■ **Extracted data entries**:
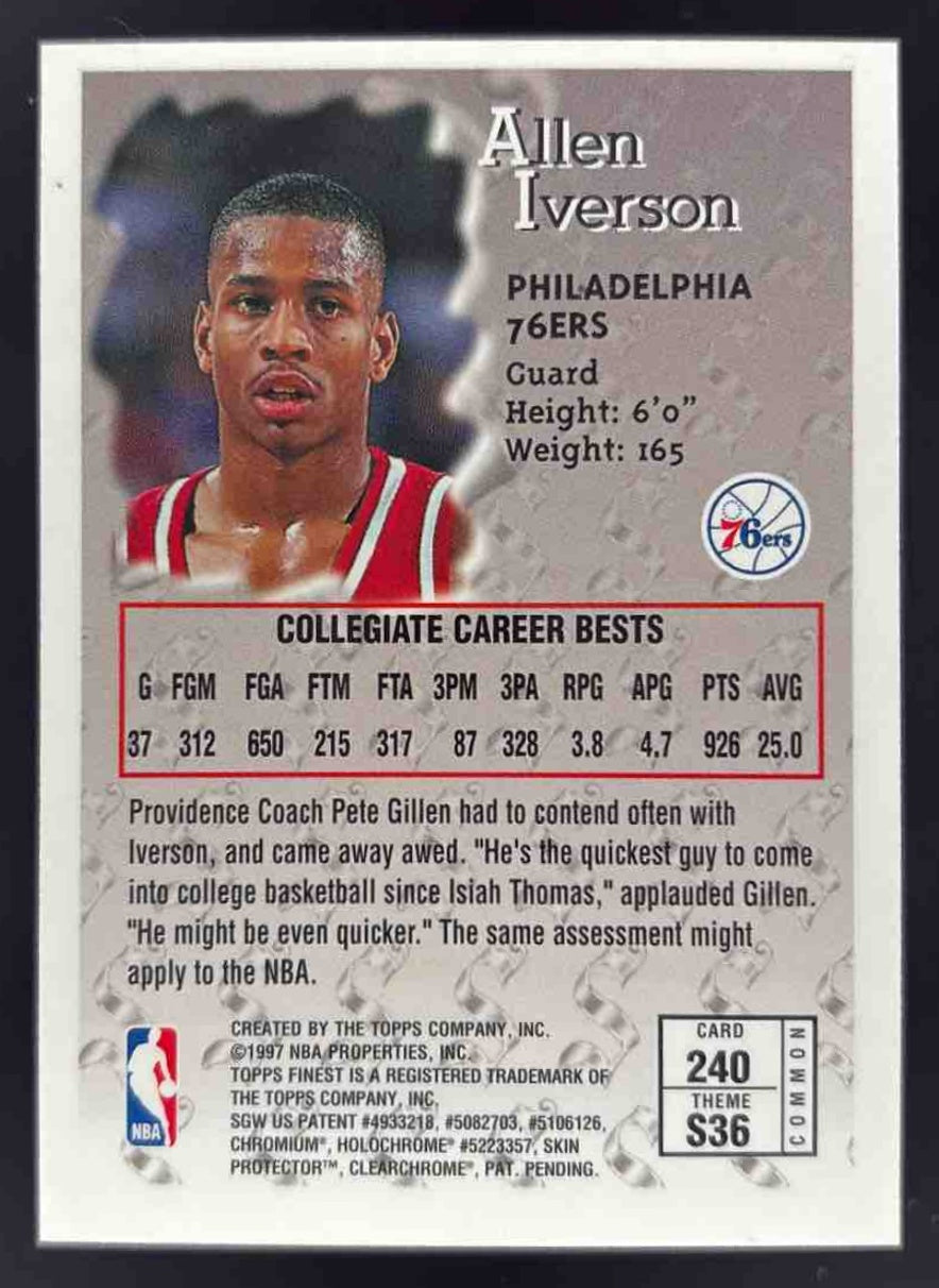 1996-97 Topps Finest Bronze #240 Allen Iverson
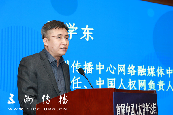 五洲传播中心网络融媒体中心副主任于学东在首届中国人权青年论坛闭幕式上致辞(摄影:焦飞)
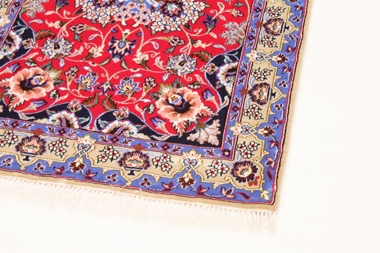 This Isfahan carpet is a piece of the most traditional handicraft. It has been made by hand with the most beautiful patterns. In fact, Isfahan carpets are known to count to the finest Persian carpets. This one has been knotted in Isfahan, which is famous of being the most beautiful city in Iran. The carpet is an exceptionally piece of art.
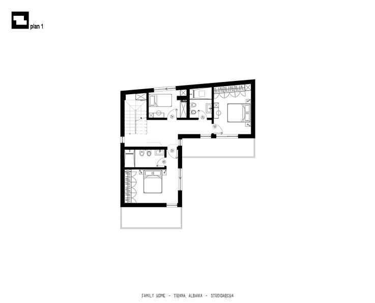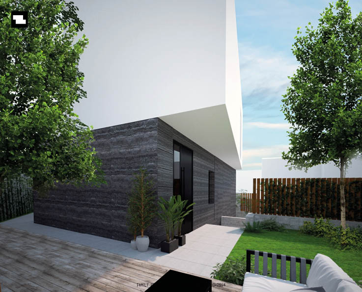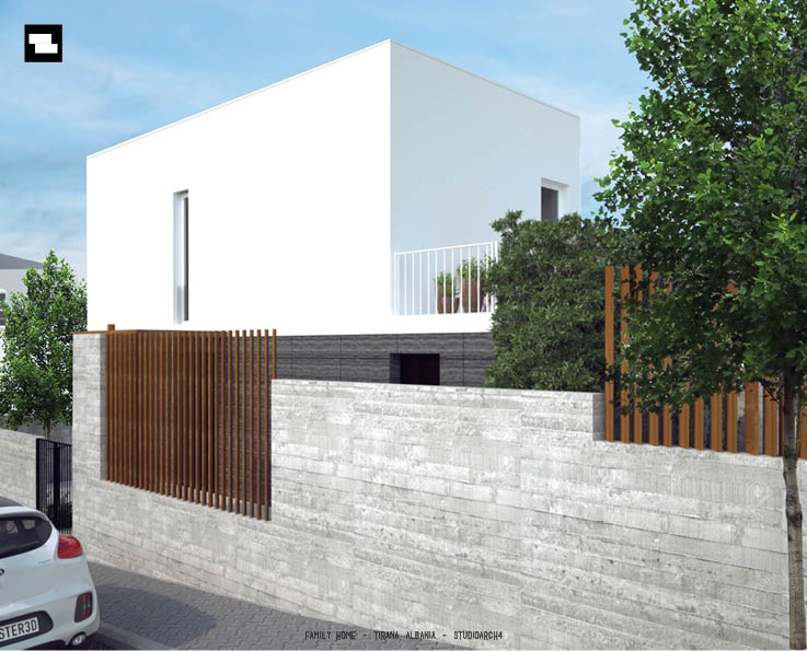 The building is located in the middle of the site. The main façade faces the road while the inner gardens are more protected through the L shape of the building thus creating a further private space for the family to use. The gardens are terraced following the slope of the land itself. The building has a clean geometrical shape where the first floor slides over the first one.
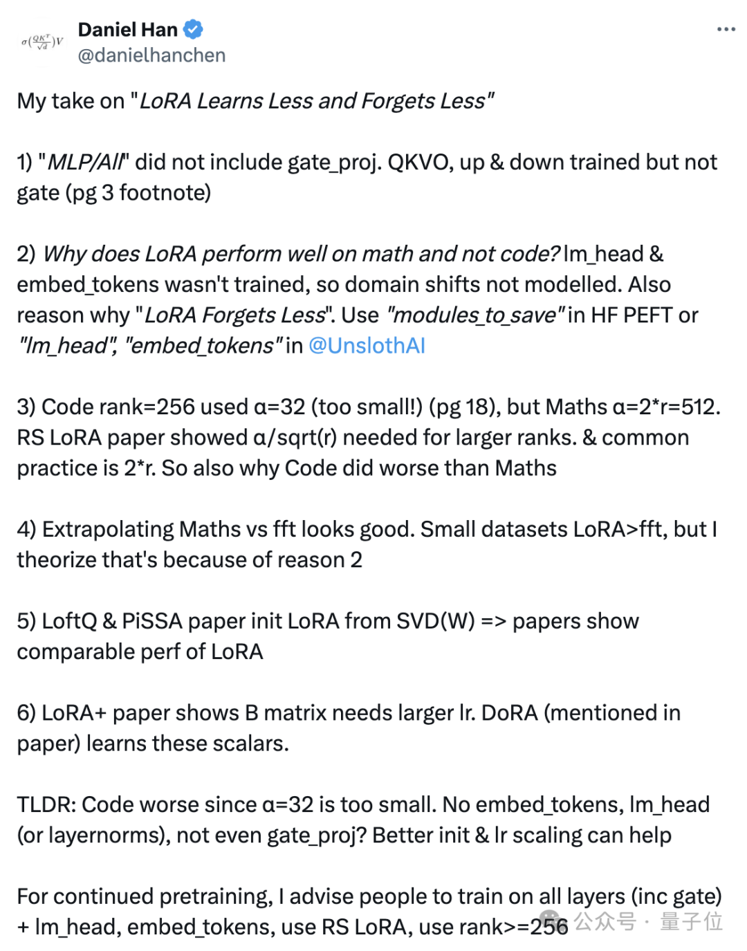 Daniel首先指出,论文中的LoRA实验只适配了QKVO、up和down矩阵,没有适配gate_proj矩阵。
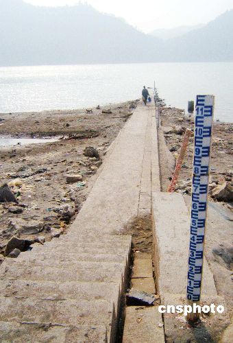 2007年12月7日,湖北宜昌江段裸露的江灘和水位標尺。目前長江已進入一年一度的枯水期,近期長江中游水位持續(xù)退落,比多年同期平均水位低近1.5米,根據當前枯水形勢及水位水情特征,長江航務管理局決定,長江中游實施二級橙色預警。對通過中游的船舶吃水深度進行規(guī)定,普通貨船實際吃水控制在2.4米及以下,危險品船舶實際吃水控制在2.3米及以下,下行船舶超過吃水限制的一律在宜昌港減載。中新社發(fā) 任衛(wèi)紅 攝
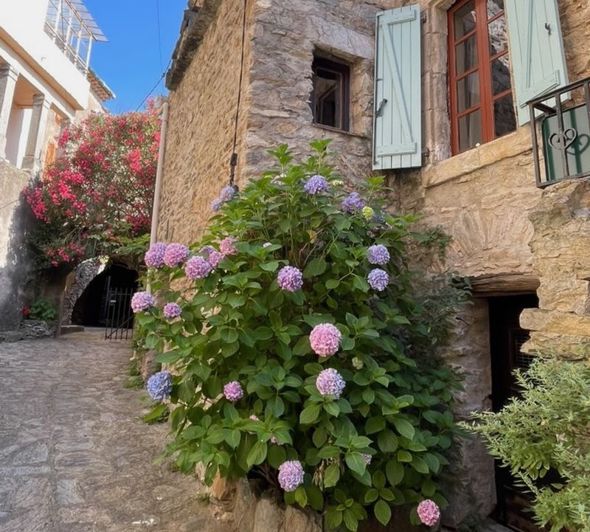 The house is located in the medieval hilltop village of Caussiniojouls, which sits between the Mediterranean coast to the south and the dramatic Montagnes Noires to the north. The village is surrounded by vineyards producing the delicious wines of the Faugeres appellation.
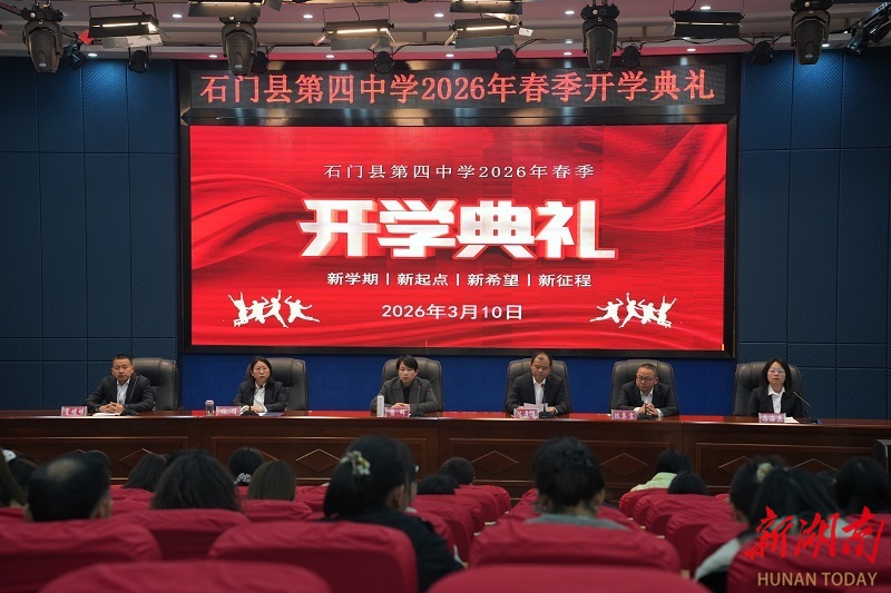 科教新报·新湖南客户端讯(通讯员 陈洁君)3月10日,石门县第四中学举办2026年春季开学典礼。典礼采用主会场与分会场云直播形式,全校师生线上线下同步参与,该校校长陈景喜主持了典礼。
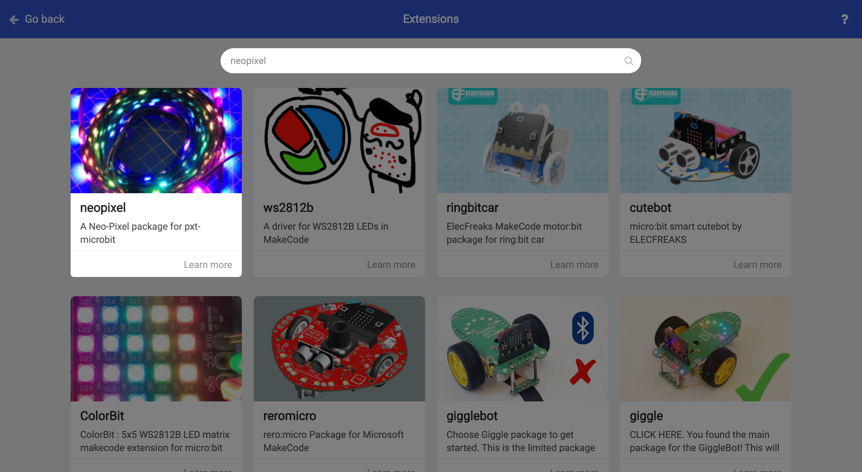 (c) Search for “neopixel”, and select the “neopixel” extension. This will allow us to control the 4 Neopixel strips.
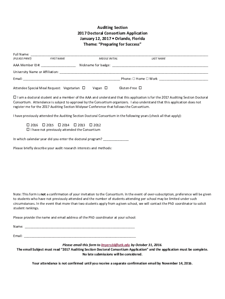 Fill out your 2017 doctoral consortium application online with pdfFiller!
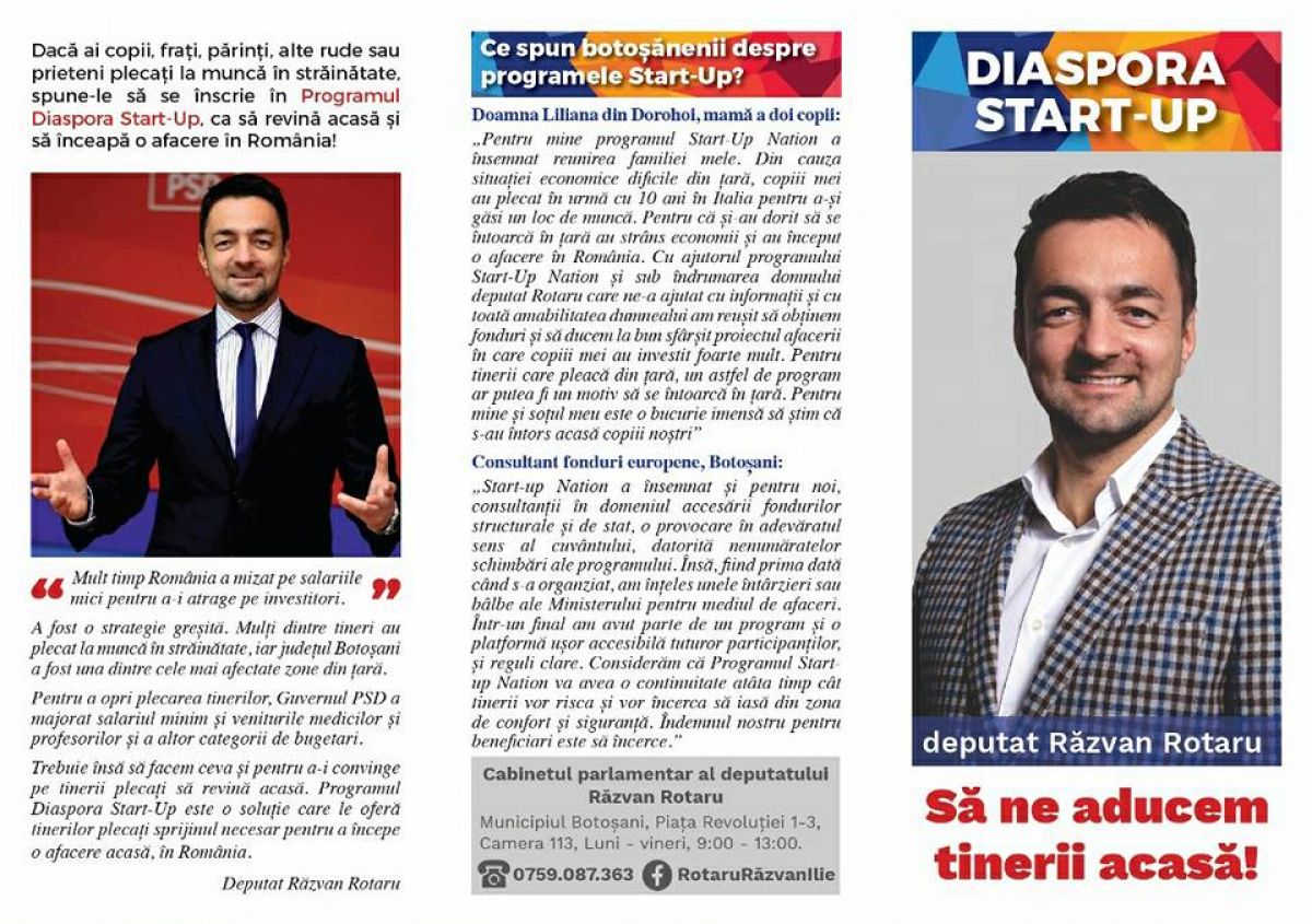 „În perioada următoare mă voi deplasa prin județ pentru a promova acest program și pentru a organiza dezbateri și întâlniri cu familiile botoșănenilor plecați la muncă în străinătate, pentru a le da detalii și informații în această privință. Trebuie să facem ceva și pentru a-i convinge pe tinerii plecați să revină acasă. Programul Diaspora Start-up este o soluție care le oferă tinerilor plecați sprijinul necesar pentru a începe o afacere acasă, în România. Mult timp România a mizat pe salariile mici pentru a-i atrage pe investitori. A fost o strategie greșită. Mulți dintre tineri au plecat la muncă în străinătate, iar județul Botoșani a fost unul dintre cele mai afectate județe din țară. Pentru a opri plecarea tinerilor, Guvernul PSD a majorat salariul minim și veniturile medicilor și profesorilor și a altor categorii de bugetari, însă acest lucru nu este suficient”, a declarat Răzvan Rotaru.

■ **EXERCISE DIRECTIONS**:
The answer must be the lines above from the one containing "五洲传播中心网络融媒体中心副" through the one containing "This Isfahan carpet", reproduced exactly, with no pictures and nothing else.

■ **ANSWER FOR THIS EXERCISE**:
 五洲传播中心网络融媒体中心副主任于学东在首届中国人权青年论坛闭幕式上致辞(摄影:焦飞)
 This Isfahan carpet is a piece of the most traditional handicraft. It has been made by hand with the most beautiful patterns. In fact, Isfahan carpets are known to count to the finest Persian carpets. This one has been knotted in Isfahan, which is famous of being the most beautiful city in Iran. The carpet is an exceptionally piece of art.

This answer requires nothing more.